To restore peace among various ethnic tribes fighting in the Baram region, Charles Hose decided to organise a peace conference at his fort in April 1899 right after a difficult but successful journey to visit the Madangs people in interior Baram (at Mudong Alan Pata river or now known Data river).
This peace conference also led to the birth of first Baram Regatta, a long boat race competition among the natives which continued to be held until today.[6]
The Resident Office moved from Marudi to Miri in 1912 after rapid oil discovery activity development in Miri.

Marudi Travel

Transportation

Air

Marudi is served by Marudi Airport (MUR) which is in the town. Twin Otters fly to Miri up to nine times daily and serve BarioLong Banga,Long LellangLong Akah and Long Seridan.
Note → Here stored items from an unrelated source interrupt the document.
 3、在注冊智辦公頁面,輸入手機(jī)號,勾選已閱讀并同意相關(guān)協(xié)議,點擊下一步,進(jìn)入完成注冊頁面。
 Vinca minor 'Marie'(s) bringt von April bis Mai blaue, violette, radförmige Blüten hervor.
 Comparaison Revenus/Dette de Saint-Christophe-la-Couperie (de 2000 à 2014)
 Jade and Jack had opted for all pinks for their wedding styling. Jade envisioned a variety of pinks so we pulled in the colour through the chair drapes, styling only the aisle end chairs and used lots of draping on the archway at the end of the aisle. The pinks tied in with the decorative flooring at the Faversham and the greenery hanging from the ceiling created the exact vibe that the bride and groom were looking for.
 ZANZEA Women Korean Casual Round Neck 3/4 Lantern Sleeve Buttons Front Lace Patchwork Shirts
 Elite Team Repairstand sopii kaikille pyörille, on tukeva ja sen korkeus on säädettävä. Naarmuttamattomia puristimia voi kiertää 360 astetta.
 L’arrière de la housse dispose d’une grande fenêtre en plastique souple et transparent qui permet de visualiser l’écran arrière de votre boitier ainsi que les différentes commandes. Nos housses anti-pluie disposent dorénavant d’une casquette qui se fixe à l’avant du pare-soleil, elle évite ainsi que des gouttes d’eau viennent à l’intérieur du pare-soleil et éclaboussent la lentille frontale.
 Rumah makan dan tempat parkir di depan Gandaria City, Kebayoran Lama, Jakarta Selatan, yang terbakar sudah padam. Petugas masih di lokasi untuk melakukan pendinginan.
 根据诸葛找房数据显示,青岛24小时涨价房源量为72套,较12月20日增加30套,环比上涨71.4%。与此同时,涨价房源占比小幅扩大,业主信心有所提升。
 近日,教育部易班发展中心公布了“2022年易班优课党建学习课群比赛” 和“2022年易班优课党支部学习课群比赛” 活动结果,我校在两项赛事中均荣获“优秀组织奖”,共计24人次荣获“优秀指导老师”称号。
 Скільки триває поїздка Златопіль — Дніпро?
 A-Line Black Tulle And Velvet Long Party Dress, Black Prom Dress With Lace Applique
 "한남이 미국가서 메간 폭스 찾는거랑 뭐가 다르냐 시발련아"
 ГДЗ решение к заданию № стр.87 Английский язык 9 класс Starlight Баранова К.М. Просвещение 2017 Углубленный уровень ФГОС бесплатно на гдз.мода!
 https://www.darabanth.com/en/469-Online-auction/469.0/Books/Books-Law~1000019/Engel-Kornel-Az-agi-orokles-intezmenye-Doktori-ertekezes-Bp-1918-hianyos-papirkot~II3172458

The airport is a 10-minute (1 km) walk east of the centre. It contains Runway 10/28 that is 1 km long and its parking bay can handles 3 to 4 de Havilland Canada DHC-6 Twin Otter at the same time.

Marudi view from sky

Water

Express boats between Marudi and Kuala Baram used to operate regularly in the morning and early afternoon until the road connecting Miri to Marudi was paved. Since then there is only one boat operating and it leaves Miri early in the morning.
Taxis go from Kuala Baram to Miri.
Express boats service stop business since 1 Jun 2015.

Land

Marudi is now has a connection road to Miri which only need about 1.5 hours to reach Miri City. But there's still a ferry need to passby at Sungai Baram, Ridan. The ferry fee just reduced from RM15.00 to RM1.00 per one way after the Chief Minister of Sarawak announced atDewan Undangan Negeri Sarawak in April 2015.

Tourism


Baram Regional Museum at Marudi (formerly known as Fort Hose).
The main tourist attraction in the town is "Fort Hose". Fort Hose was a wooden fort built during the Brooke administration. The fort was named after an ethnographer and a photographer Charles Hose. The fort was later converted into a museum which houses some ethnographic photographs, local textiles, handicrafts, and ceremonial items. The museum is accessible from Jalan Fort which is 10 minutes from the main bazaar.[7]

Marudi Landmark (Baram Regatta Statue)

Marudi Tua Pek Gong Temple

Foods in Marudi


Marudi Kueh Tiaw
The most famous food in Marudi is the Marudi Kueh Tiaw. It can be found in every Chinese Restaurant in Marudi Town area. Compared with other place's Kueh Tiaw in Malaysia, Marudi Kueh Tiaw is more thick and taste more unique. Marudi Handmade Bread is also one of a must-try food in Marudi, it can be found in Ah Pong Cafe which just located beside Marudi Town Square. Since Marudi is a riverside-town, so you can found out that there's lots different type river fishes here. The most famous river-food in Marudi are Belidah fish (fish ball/fish cake), Tapah Fish, Tutu Fish and also the famous Bighead Prawn (udang galah). You can taste these all the river-foods at some restaurants here. If you have problems with the location, do not feel hesitate to ask the local people, they're willing to guide you because small town people are always friendly.